This notebook considers:
1. __data.x2__ in data.py. It contains 69 features (initiator exclusive). 
2. From the result, we can find there is no difference with manual selected 23 features. We don't generate features in this notebook but we get rules for 23 features.
3. In this notebook, the prediction order is (sphere, worm, vesicle, other). 

In [1]:
import data1 as data
import random
from common import *
from rules import *
from realkd.patch import RuleFit
from sklearn.model_selection import cross_validate, KFold
from sklearn.ensemble import RandomForestClassifier
from sklearn.model_selection import LeaveOneOut
import numpy as np
import matplotlib.colors as mcolors

In [2]:
import warnings
warnings.filterwarnings("ignore")

## Full phase prediction


In [3]:
from sklearn.linear_model import LogisticRegressionCV
from sklearn.multioutput import ClassifierChain
from multilabel import BinaryRelevanceClassifier, ProbabilisticClassifierChain
from gam import LogisticGAM

STATE = np.random.RandomState(seed=1000)

lr = LogisticRegressionCV(penalty='l1', solver='saga', random_state=STATE)
lr_ind = BinaryRelevanceClassifier(lr)
lr_chain = ClassifierChain(lr, order=[0, 2, 1, 3])
lr_pcc = ProbabilisticClassifierChain(lr) 

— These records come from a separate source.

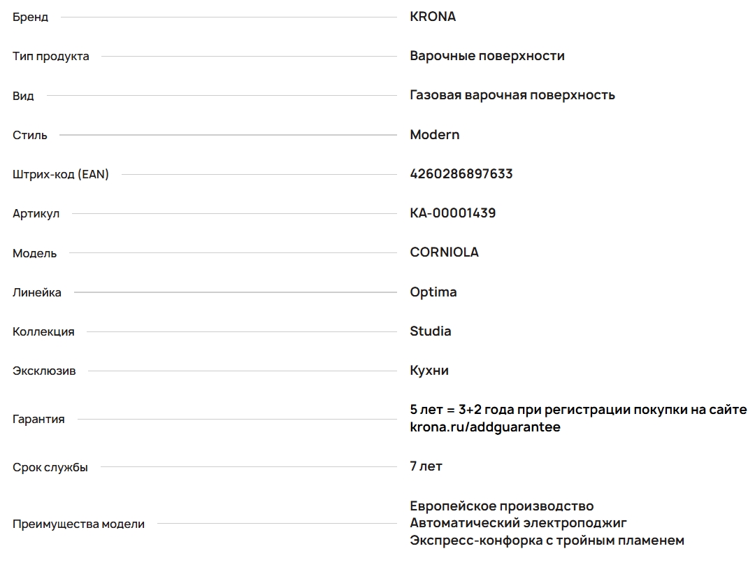 Газовая варочная панель Krona (Крона) CORNIOLA 45 BL
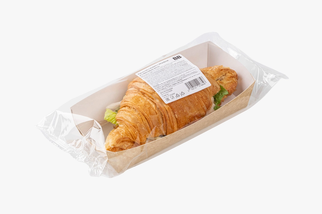 Слоистый, чуть хрустящий круассан дополнен начинкой с мягкими ломтиками индейки су-вид и нежным сливочным песто. Вкус получается ярким, но сбалансированным: свежий базилик и ореховые ноты соуса мягко сочетаются с моцареллой, а огурец и листья романо добавляют сочность и свежесть. Такой сэндвич подходит для быстрого завтрака, плотного перекуса или обеда, когда хочется чего-то насыщенного, но не тяжёлого.
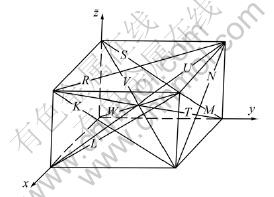 在3D编织纤维预制体中[9-11],纤维可供选择的主要方向有13个,分别是x,y和z 3个主轴,正立方体的T,U,V和W 4个主对角线和正立方体在各个坐标平面的对角线K,L,M,N,R和S(见图7)。三维四向编织结构的纤维取向为T,U,V和W 4个方向,即正立方六面体的4个主对角线方向。
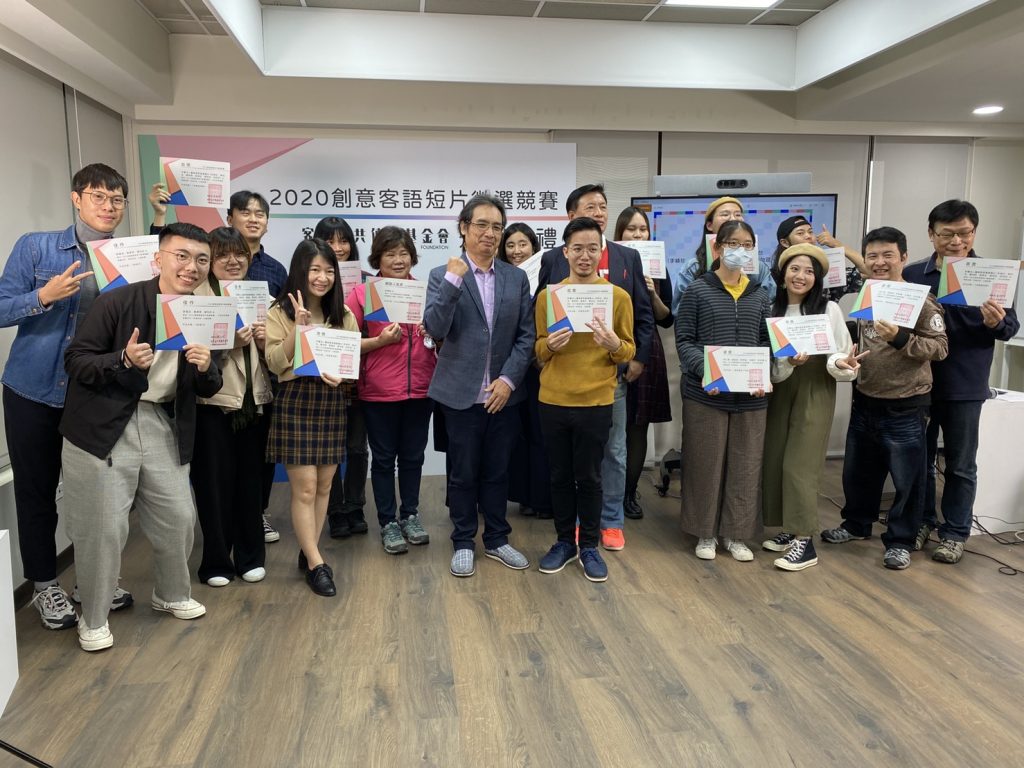 今日的首屆「2020創意客語短片徵選競賽」頒獎典禮,由客家公共傳播基金會董事長陳邦畛及總經理徐智俊頒發獎金及獎狀予得獎者,首獎由財團法人寶島客家廣播電台李穎珍、陳佾玄、賴尚群、張靖玄、陳怡廷、林莉羚的作品《來點客流感》奪得獎金20萬元;貳獎由黃維婷、吳添運、黃裕庭的作品《阿公禾埕的月光》獲得獎金10萬元;參獎由徐仁清、張家瑄、李亭儀、王韻萍、林佳臻的作品《搶救龍珠大作戰》獲得獎金5萬元;佳作則由李舒蓉、林君蓉、劉宇倫、邱渝凱、曾志勇《人客來坐,You’re more than welcome!》;陳海旭《新版客家本色》;劉富丞、黃意恩、曾怡彬《說客日》;張雲凱《控窯的記憶》;賴韋勳、吳品萱《妝水水zongˊ suiˋsuiˋ》以上5名佳作各獲得獎金1萬元;入圍作品及網路人氣獎同時由許傳焉的《2020疫情後失智阿嬤微笑吃……雞!》共獲得1萬元。
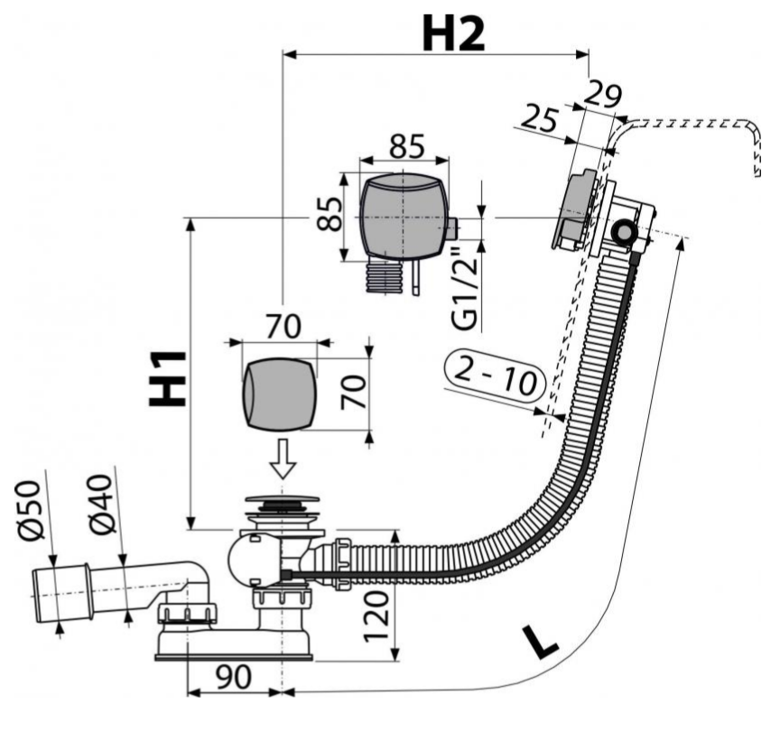 - Для ванн с выпускным отверстием Ø52 мм

# gams not fixed, remove this part.
# gam_ind = BinaryRelevanceClassifier(LogisticGAM(lam=20.0, max_iter=250))
# gam_chain = ClassifierChain(LogisticGAM(lam=20.0, max_iter=250))
# gam_pcc = ProbabilisticClassifierChain(LogisticGAM(lam=20.0, max_iter=250)) 

rf = RandomForestClassifier(random_state=STATE, min_samples_leaf=1, n_estimators=100)
rf_ind = BinaryRelevanceClassifier(rf)
rf_chain = ClassifierChain(rf, order=[0, 2, 1, 3])
rf_pcc = ProbabilisticClassifierChain(rf)

# Rulefit
rufit_pcc = RuleFitWrapper(mode='chain')

full_estimators = [lr_ind, lr_pcc, lr_chain, rf_ind, rf_pcc, rf_chain, rufit_pcc]
full_names = ['LR_ind', 'LR_pcc', 'LR_chain', 'RanF_ind', 'RanF_pcc', 'Ranf_chain', 'Rufit_pcc']

This following code under "2.6 GHz 6-Core Intel Core i7" runs ~5 hours. You can simply use saved result to re-run the result. (See below instructions)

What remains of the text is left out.